Люба открыла глаза и сразу увидела новую матроску. Юбка в широкую складку висела на спинке стула; у юбки были помочи, складки слегка раскрывались, но видно было: если юбку встряхнуть, они снова сложатся. Особенно красивой была кофта. Широкий воротник с каймой из белой шёлковой тесёмки и каймой из красной шёлковой тесёмки и коротенький галстук с такой же каёмкой. И якорь на рукаве, выпуклый, красно-белый, блестящий. Люба трогала матроску ладонью, тёплая шерсть щекотала руку.
— Нравится? — вошла в комнату мама.
Люба обернулась и заулыбалась ещё шире, чтобы мама поняла, как она рада новой матроске.
— Не сатиновая, — сказала мама, — шерстяная. Очень дорого стоит, носи аккуратно.
Сама мама была в белой кофточке, и новая косынка на шее — синяя в горошек, а на голове новый голубой пуховый берет.
— Красиво как, — сказала Люба, — очень беретка тебе подходит.
— Скорее, скорее, опоздаем! — сказала мама и пошла всё ставить на стол.
Они быстро напились чаю с бутербродами; колбаса, пролежавшая всю ночь между рамами, была холодная и вкусная.
Потом они вышли на улицу. Было ещё рано-рано. Люба никогда не была на улице в такой час, тем более в выходной день.
Перед воротами дядя Илья посыпал жёлтым песком неасфальтированную квадратную площадку. Песок он держал в большом совке, висевшем у него на локте. Другой рукой дядя Илья разбрасывал песок широкими движениями, как сеятель с картинки про дореволюционную деревню.

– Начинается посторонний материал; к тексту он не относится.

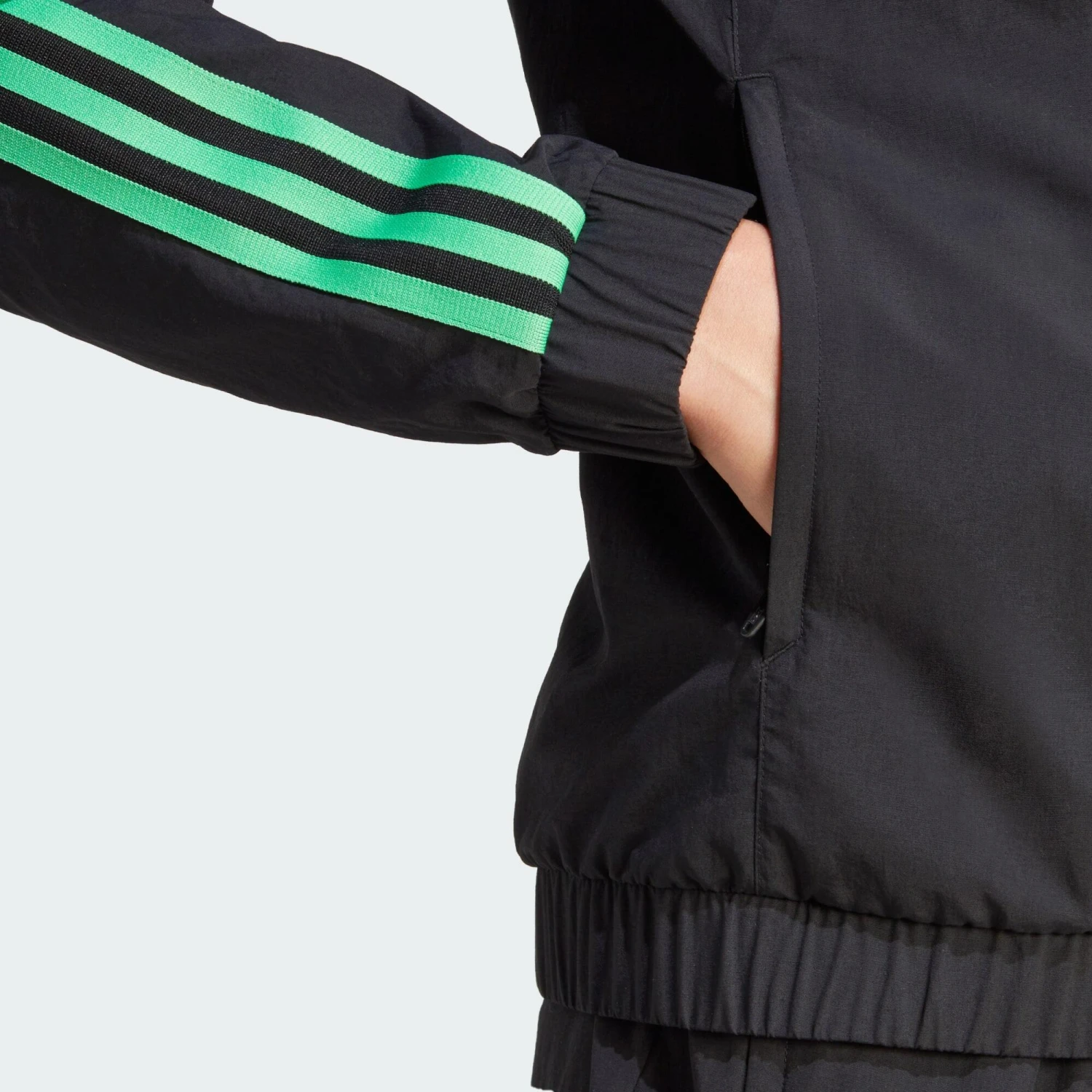 A woven FC Bayern jacket for the spotlight, made in part with recycled materials.
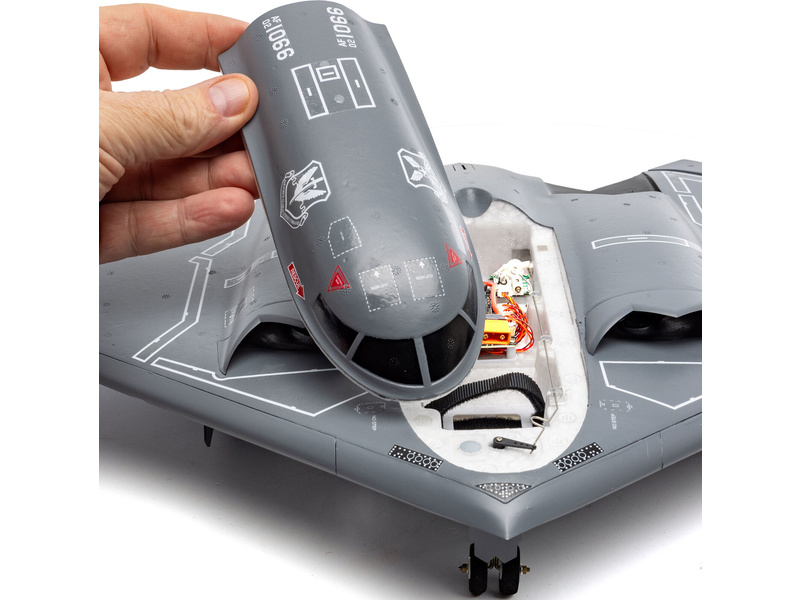 Mikroreplika unikátního ikonického stealth bombardéru jako RC model letadla značky E-flite se dvěma 30mm elektrodmychadly vybavenými výkonnými střídavými motory. Model, za příznivou cenou, nabízí nejen neuvěřitelné maketové zpracování, ale také překvapivý výkon a letové vlastnosti, které jsou ještě vylepšeny stabilizačními systémy AS3X a SAFE Select. Pevný podvozek s řiditelným příďovým kolem usnadňuje pojíždění, vzlet a přistání na hladkém povrchu, nebo můžete podvozek jednoduše demontovat pro maketový let a větší výkon.

Мама держала Любу за руку; они прошли мимо дяди Ильи, и он шутливо отдал честь:
— С праздником, трудящие женщины!
— И вас с праздником, Илья Иваныч, — сказала мама, а Люба помахала дворнику флажком. На дворнике был чистый белый передник, и от этого дядя Илья казался ещё добрее.

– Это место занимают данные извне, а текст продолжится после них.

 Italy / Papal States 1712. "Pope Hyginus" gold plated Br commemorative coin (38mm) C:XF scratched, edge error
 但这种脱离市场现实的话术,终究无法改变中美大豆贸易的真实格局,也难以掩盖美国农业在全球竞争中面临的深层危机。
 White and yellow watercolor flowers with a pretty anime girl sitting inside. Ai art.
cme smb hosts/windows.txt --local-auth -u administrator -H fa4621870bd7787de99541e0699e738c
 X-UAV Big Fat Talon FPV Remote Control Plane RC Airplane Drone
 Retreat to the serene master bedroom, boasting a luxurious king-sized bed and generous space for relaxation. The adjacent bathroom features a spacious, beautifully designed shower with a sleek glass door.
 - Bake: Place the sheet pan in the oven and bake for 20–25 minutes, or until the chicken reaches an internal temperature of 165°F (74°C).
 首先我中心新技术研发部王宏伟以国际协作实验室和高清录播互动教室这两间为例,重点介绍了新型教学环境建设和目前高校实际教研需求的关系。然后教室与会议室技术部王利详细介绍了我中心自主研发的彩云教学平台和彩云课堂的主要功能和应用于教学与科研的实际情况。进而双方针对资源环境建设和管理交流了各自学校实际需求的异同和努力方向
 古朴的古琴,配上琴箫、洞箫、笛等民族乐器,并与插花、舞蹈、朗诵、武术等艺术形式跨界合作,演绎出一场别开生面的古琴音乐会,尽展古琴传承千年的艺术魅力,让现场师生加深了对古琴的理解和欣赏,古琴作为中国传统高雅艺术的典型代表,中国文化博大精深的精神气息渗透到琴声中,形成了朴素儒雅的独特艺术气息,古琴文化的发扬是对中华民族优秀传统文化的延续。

В трамвае было мало людей, — видно, из-за раннего часа. И все нарядные: у девочки большой красный бант на макушке, у девушки беретка, как у мамы, только не голубая, а белая, и воздушный шарик в руке.
Возле маминой работы уже собирались люди. Двое мужчин несли транспарант на двух палках. Люба прочитала: «Да здравствует Первое мая!» Парень играл на гармошке, девушки танцевали и повизгивали, как Нюра Кулькова: «И-ы-х, и-ы-х!» Мама подвела Любу к женщинам, стоявшим у стены.
— А вот наши, бухгалтерия, — сказала мама громко.
Все обернулись и стали смотреть на Любу.
— Какая большая! Вся в маму, глазастая!
Люба не знала, что делать, и теребила в руках флажок. Мама сказала:
— Нет, она в отца: высокая и волосы тёмные.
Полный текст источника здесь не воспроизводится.